## Data
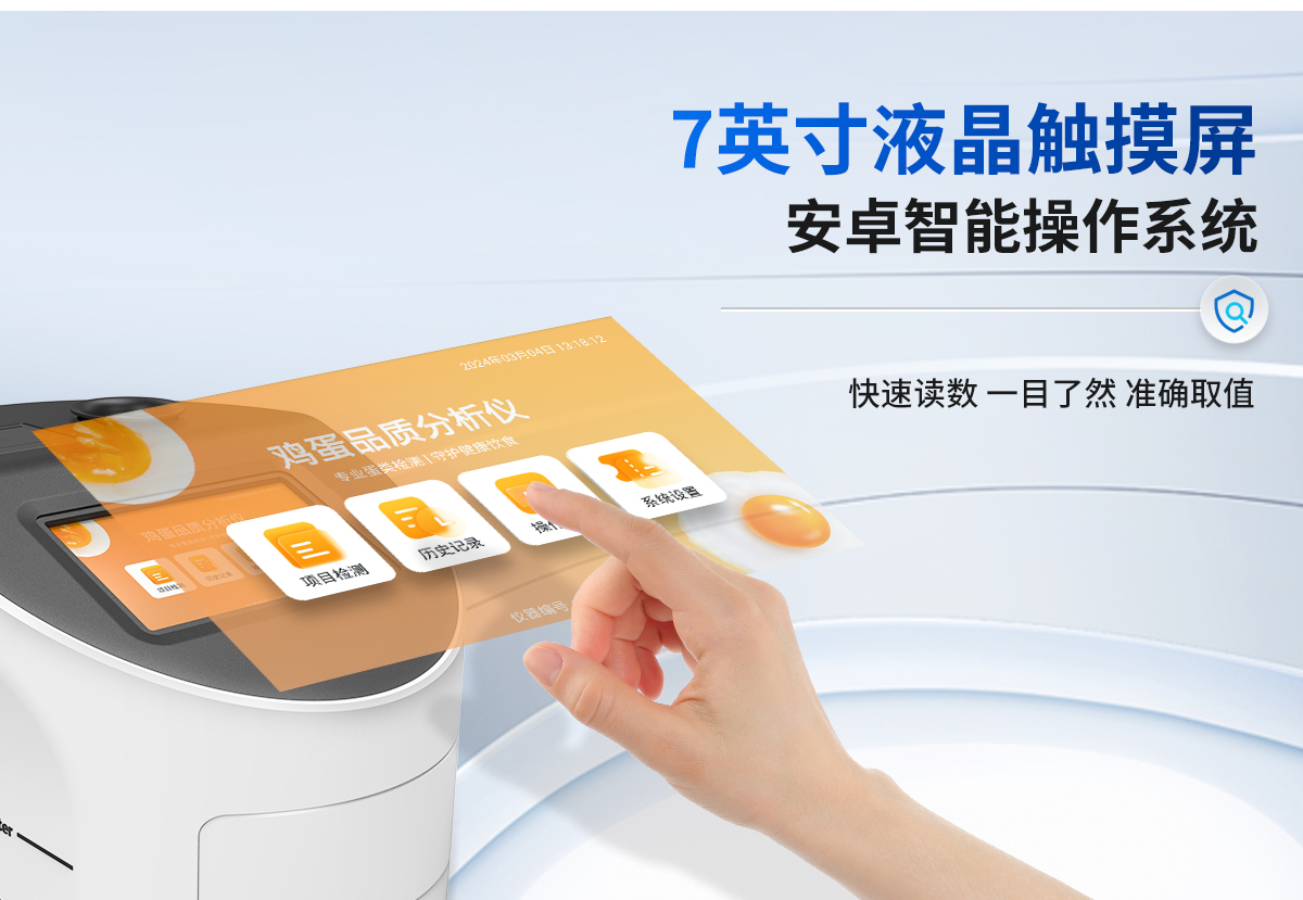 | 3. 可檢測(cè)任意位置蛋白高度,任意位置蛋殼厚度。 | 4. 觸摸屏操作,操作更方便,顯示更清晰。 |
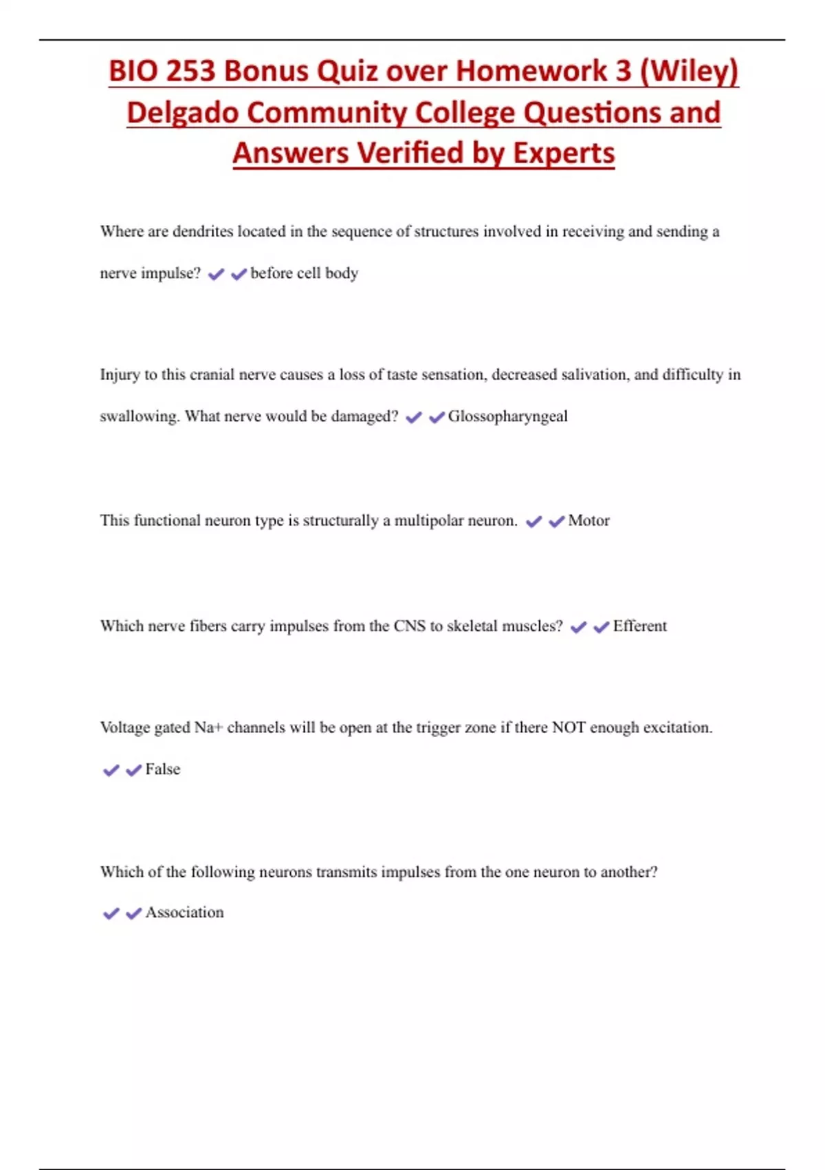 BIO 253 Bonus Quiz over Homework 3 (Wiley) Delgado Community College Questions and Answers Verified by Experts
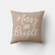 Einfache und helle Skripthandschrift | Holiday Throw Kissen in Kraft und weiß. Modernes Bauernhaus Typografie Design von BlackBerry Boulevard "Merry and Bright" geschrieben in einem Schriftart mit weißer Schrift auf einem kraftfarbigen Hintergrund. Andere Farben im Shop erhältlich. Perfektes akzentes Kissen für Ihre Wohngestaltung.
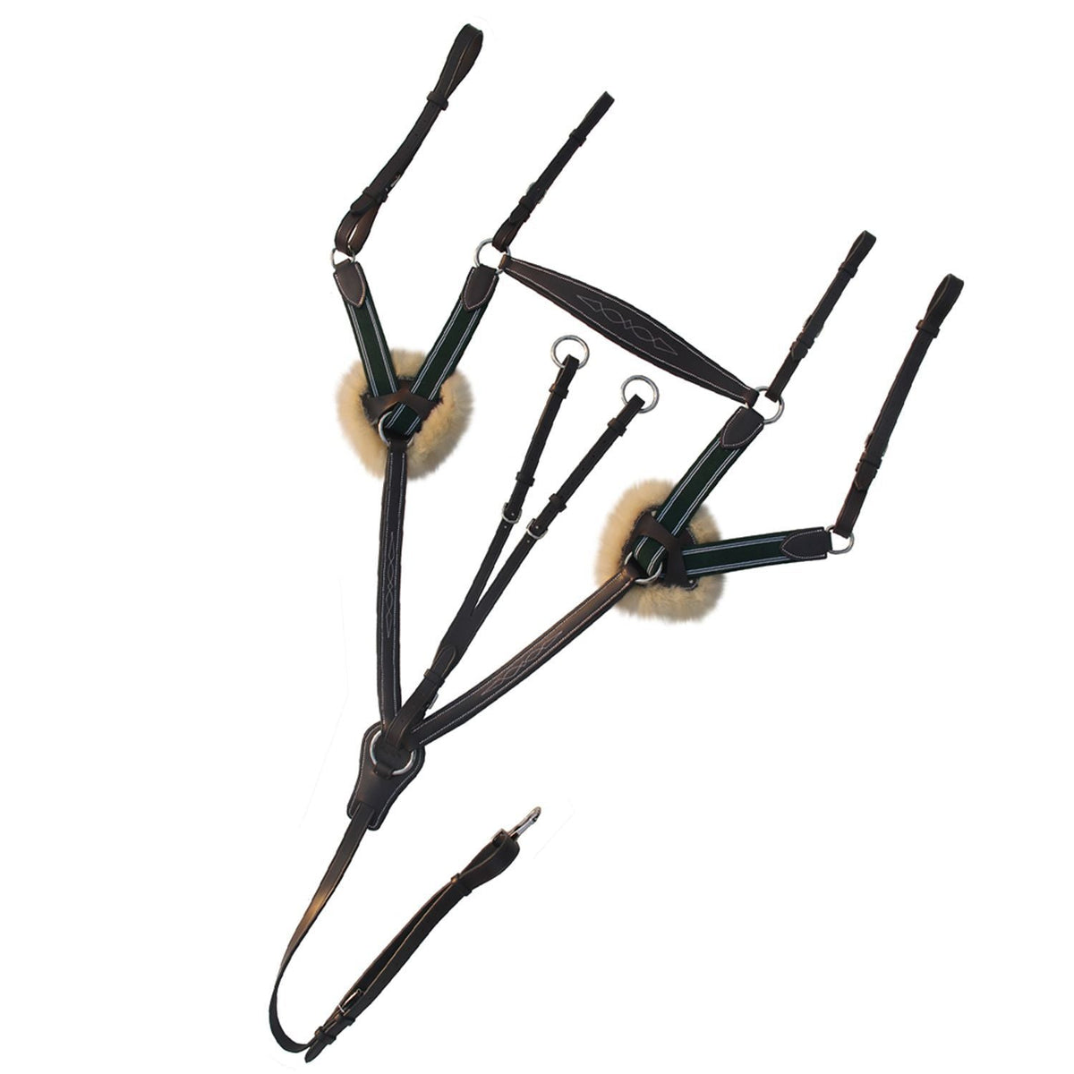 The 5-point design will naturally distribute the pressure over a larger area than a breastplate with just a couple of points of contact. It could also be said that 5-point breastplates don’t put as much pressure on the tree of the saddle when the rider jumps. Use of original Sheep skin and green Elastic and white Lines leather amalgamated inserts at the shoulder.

## What is needed
The expected response is every line of the material, written out exactly, with the images removed.

## Response area
 | 3. 可檢測(cè)任意位置蛋白高度,任意位置蛋殼厚度。 | 4. 觸摸屏操作,操作更方便,顯示更清晰。 |
 BIO 253 Bonus Quiz over Homework 3 (Wiley) Delgado Community College Questions and Answers Verified by Experts
 Einfache und helle Skripthandschrift | Holiday Throw Kissen in Kraft und weiß. Modernes Bauernhaus Typografie Design von BlackBerry Boulevard "Merry and Bright" geschrieben in einem Schriftart mit weißer Schrift auf einem kraftfarbigen Hintergrund. Andere Farben im Shop erhältlich. Perfektes akzentes Kissen für Ihre Wohngestaltung.
 The 5-point design will naturally distribute the pressure over a larger area than a breastplate with just a couple of points of contact. It could also be said that 5-point breastplates don’t put as much pressure on the tree of the saddle when the rider jumps. Use of original Sheep skin and green Elastic and white Lines leather amalgamated inserts at the shoulder.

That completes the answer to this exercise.